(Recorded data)
=-=-=-=-=
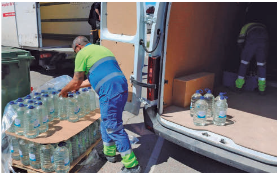
Reparto de agua embotellada por parte del Ayuntamiento
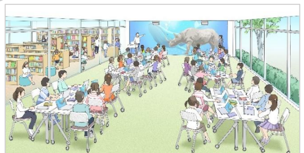
ラーニングセンター

ホワイトボードなら板書も投影もできて便利だね。オープンスペースがあると教室を広く使えてグループワークがやりやすいな！ ラーニングセンターでみんなと一緒に大画面で映像をみながら勉強がしたい！
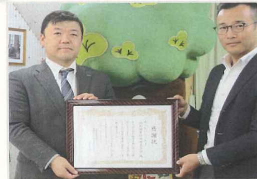
3月2日(水)あいおいニッセイ同和損保様より寄付金をいただきました！
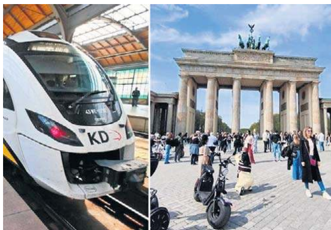
Czas przejazdu z Wrocławia do Berlina powinien wynieść około 4,5 godziny

Dla pasażerów oznacza to łatwiejszy dostęp do Berlina. Choć pociągi nie dojadą bezpośrednio do stolicy Niemiec, przesiadka w Chociebużu
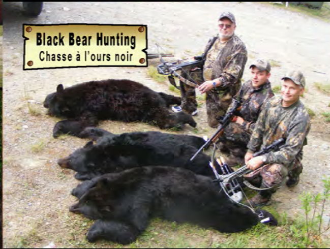
Black Bear Hunting Chasse à l'ours noir
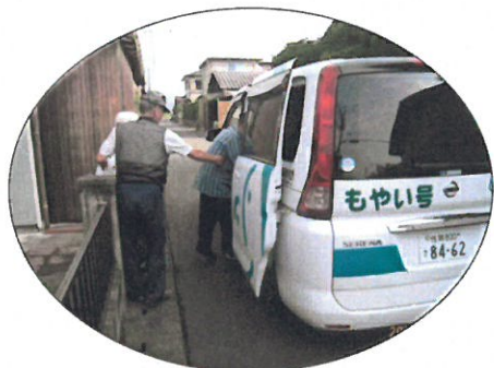
夫婦で整骨院、医療機関へ (2 人)
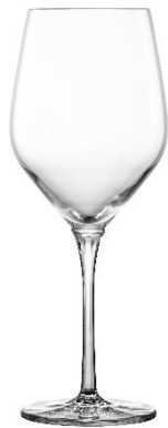
Rotweinglas UVP 11,95 €
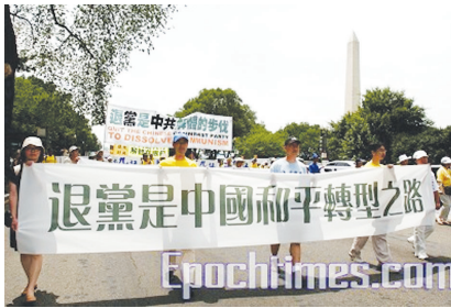
美国华盛顿支持中国民众退出中共
=-=-=-=-=
Give again, word for word, each line from the one holding "Czas przejazdu z" through the end of the entries, and leave out any picture.

Answer to this exercise »
Czas przejazdu z Wrocławia do Berlina powinien wynieść około 4,5 godziny

Dla pasażerów oznacza to łatwiejszy dostęp do Berlina. Choć pociągi nie dojadą bezpośrednio do stolicy Niemiec, przesiadka w Chociebużu
Black Bear Hunting Chasse à l'ours noir
夫婦で整骨院、医療機関へ (2 人)
Rotweinglas UVP 11,95 €
美国华盛顿支持中国民众退出中共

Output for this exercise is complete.